__Task goal__: Once you find the line with "باربیکیو ۸۰ سانت" in the data below, transcribe exactly each line from there to the line with "按照《國家文化和科技融合示范", inclusive, and nothing else. Drop the pictures.

__Dataset__:
== Segment start ==

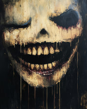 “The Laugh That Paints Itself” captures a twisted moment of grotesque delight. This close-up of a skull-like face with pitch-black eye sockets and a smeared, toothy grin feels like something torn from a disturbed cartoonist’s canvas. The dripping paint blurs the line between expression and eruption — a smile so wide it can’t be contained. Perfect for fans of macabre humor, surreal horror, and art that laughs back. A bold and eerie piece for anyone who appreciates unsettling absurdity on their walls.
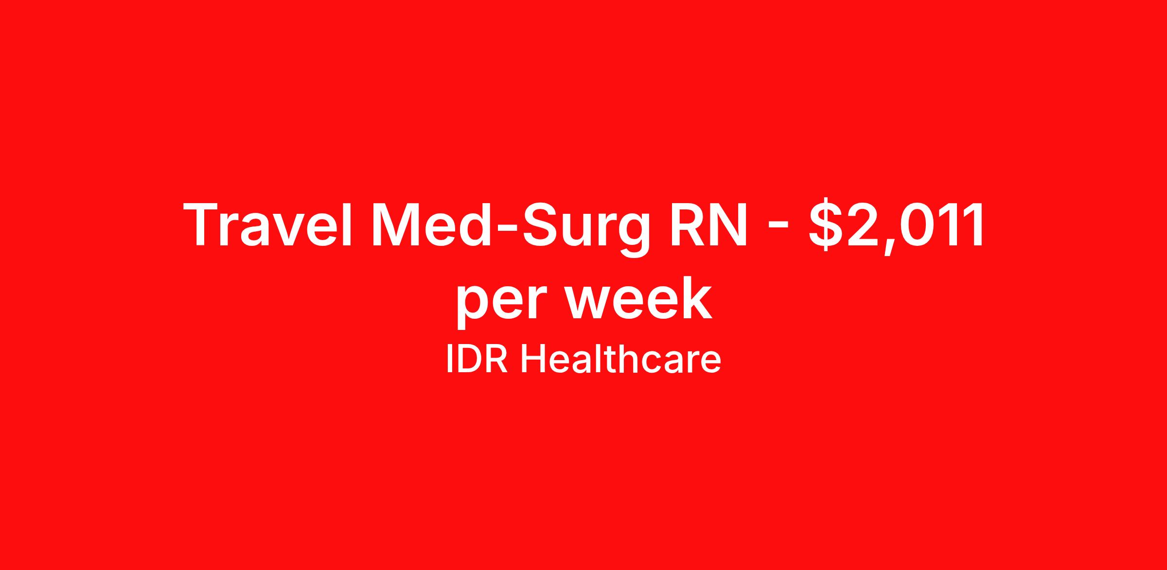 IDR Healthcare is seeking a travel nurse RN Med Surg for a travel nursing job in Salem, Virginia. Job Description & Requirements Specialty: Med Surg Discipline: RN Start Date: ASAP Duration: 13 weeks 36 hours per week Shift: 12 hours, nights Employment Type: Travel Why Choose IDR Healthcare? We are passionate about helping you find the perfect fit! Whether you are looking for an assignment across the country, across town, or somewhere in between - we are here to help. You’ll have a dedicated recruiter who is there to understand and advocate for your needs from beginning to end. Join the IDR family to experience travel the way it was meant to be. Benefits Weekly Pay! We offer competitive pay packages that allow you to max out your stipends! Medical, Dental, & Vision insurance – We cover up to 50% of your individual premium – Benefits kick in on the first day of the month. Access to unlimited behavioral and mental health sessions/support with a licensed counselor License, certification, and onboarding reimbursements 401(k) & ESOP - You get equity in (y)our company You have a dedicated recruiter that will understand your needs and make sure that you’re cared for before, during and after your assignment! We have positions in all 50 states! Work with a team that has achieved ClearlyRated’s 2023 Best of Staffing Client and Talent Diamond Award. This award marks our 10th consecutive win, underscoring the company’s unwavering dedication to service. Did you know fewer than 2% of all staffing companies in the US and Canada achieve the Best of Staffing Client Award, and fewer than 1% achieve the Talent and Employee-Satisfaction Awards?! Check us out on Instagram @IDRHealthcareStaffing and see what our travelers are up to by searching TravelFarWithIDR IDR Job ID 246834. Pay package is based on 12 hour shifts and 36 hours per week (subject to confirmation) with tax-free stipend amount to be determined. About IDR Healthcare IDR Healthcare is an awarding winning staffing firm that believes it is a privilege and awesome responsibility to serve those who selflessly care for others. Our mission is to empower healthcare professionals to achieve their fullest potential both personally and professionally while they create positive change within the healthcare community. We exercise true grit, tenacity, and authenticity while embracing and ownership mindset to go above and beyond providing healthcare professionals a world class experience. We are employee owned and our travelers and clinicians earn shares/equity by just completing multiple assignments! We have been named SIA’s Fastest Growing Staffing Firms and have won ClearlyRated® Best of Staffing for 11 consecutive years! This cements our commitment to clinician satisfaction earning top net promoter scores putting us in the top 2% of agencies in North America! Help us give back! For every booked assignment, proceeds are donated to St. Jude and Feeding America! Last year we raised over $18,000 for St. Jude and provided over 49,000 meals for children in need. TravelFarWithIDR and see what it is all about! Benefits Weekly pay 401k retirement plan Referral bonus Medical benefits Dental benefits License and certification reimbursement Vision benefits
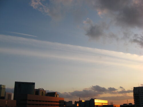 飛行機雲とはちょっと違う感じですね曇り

== Segment end ==
== Segment start ==

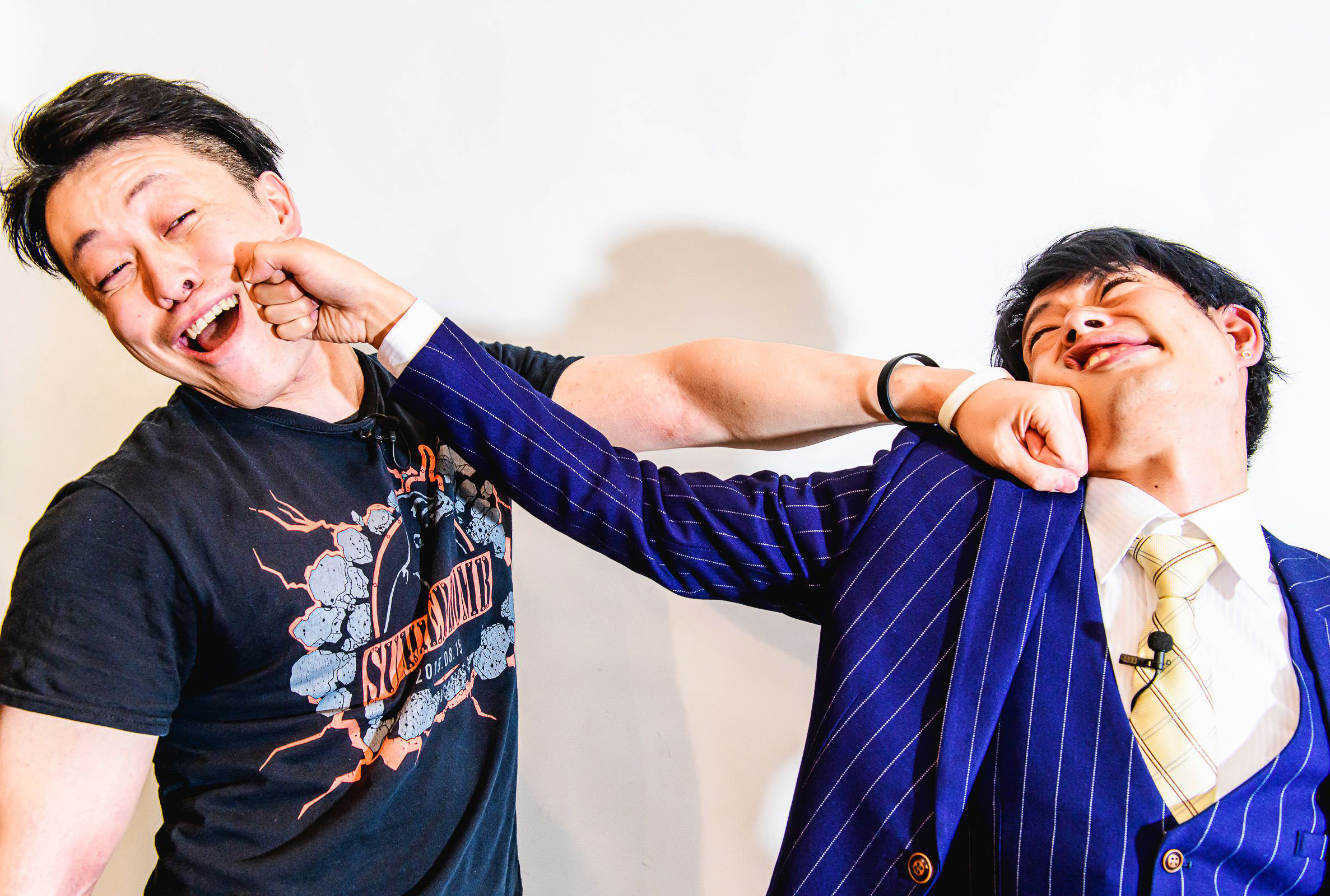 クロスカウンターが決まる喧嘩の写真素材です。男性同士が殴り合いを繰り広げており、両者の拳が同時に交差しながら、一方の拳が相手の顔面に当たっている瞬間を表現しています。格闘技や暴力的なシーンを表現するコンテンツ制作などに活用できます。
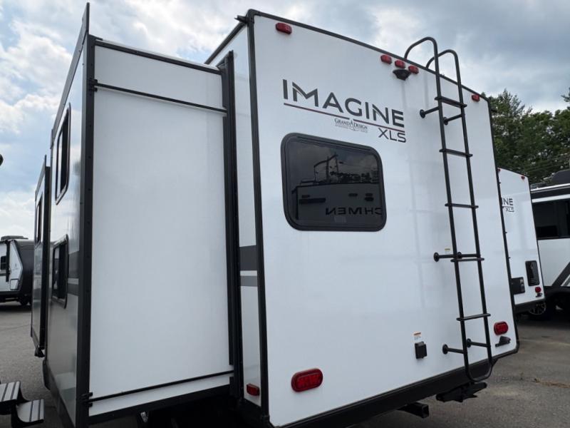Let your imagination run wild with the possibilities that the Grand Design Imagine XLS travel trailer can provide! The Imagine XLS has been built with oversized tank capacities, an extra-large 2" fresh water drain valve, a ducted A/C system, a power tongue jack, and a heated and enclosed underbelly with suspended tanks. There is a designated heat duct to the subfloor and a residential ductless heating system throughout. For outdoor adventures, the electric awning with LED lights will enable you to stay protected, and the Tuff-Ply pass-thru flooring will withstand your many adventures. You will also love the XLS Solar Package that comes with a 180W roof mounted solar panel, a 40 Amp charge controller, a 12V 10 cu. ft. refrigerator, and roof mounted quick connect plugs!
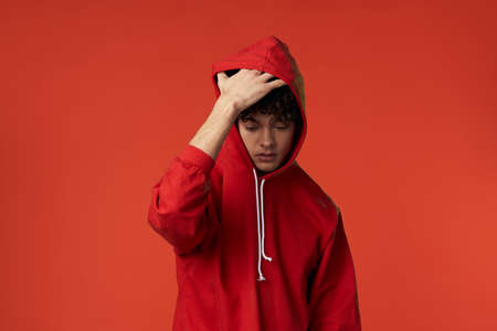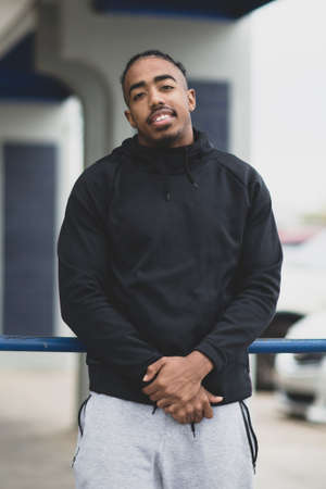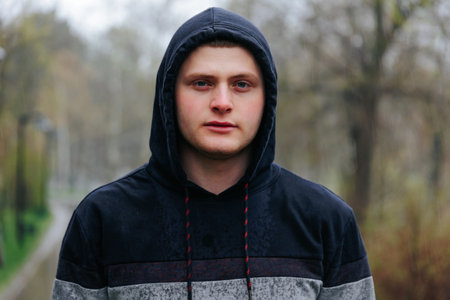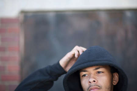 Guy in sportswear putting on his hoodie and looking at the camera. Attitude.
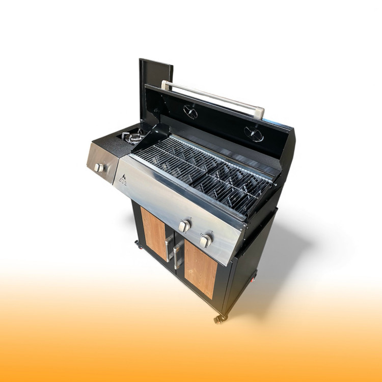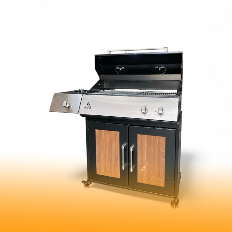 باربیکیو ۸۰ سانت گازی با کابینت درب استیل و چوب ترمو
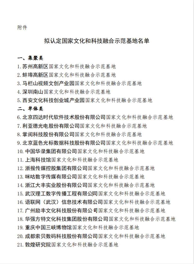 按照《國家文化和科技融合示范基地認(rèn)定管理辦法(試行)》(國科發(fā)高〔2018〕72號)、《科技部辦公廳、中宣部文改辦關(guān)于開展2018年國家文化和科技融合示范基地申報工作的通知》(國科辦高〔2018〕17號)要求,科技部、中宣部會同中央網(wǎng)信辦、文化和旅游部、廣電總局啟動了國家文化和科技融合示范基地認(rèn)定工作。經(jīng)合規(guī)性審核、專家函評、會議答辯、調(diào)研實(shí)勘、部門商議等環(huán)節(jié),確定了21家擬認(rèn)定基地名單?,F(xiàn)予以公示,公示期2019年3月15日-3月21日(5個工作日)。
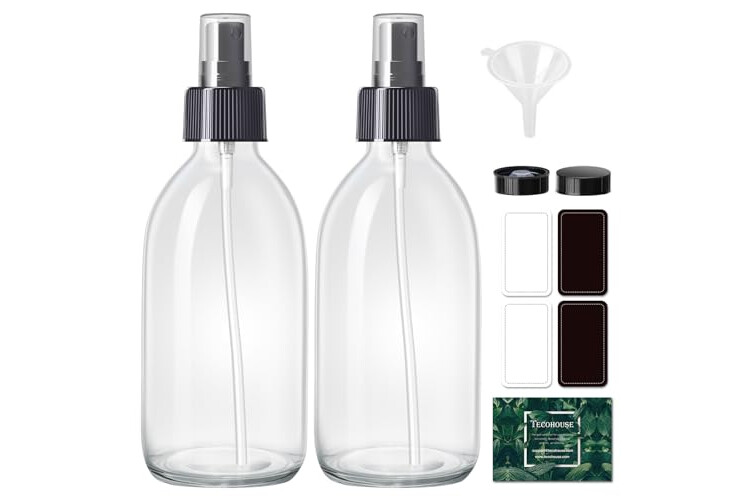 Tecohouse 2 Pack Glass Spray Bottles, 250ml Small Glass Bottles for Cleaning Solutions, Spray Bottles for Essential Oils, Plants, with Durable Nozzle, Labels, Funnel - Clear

== Segment end ==

__Solution__:
 باربیکیو ۸۰ سانت گازی با کابینت درب استیل و چوب ترمو
 按照《國家文化和科技融合示范基地認(rèn)定管理辦法(試行)》(國科發(fā)高〔2018〕72號)、《科技部辦公廳、中宣部文改辦關(guān)于開展2018年國家文化和科技融合示范基地申報工作的通知》(國科辦高〔2018〕17號)要求,科技部、中宣部會同中央網(wǎng)信辦、文化和旅游部、廣電總局啟動了國家文化和科技融合示范基地認(rèn)定工作。經(jīng)合規(guī)性審核、專家函評、會議答辯、調(diào)研實(shí)勘、部門商議等環(huán)節(jié),確定了21家擬認(rèn)定基地名單?,F(xiàn)予以公示,公示期2019年3月15日-3月21日(5個工作日)。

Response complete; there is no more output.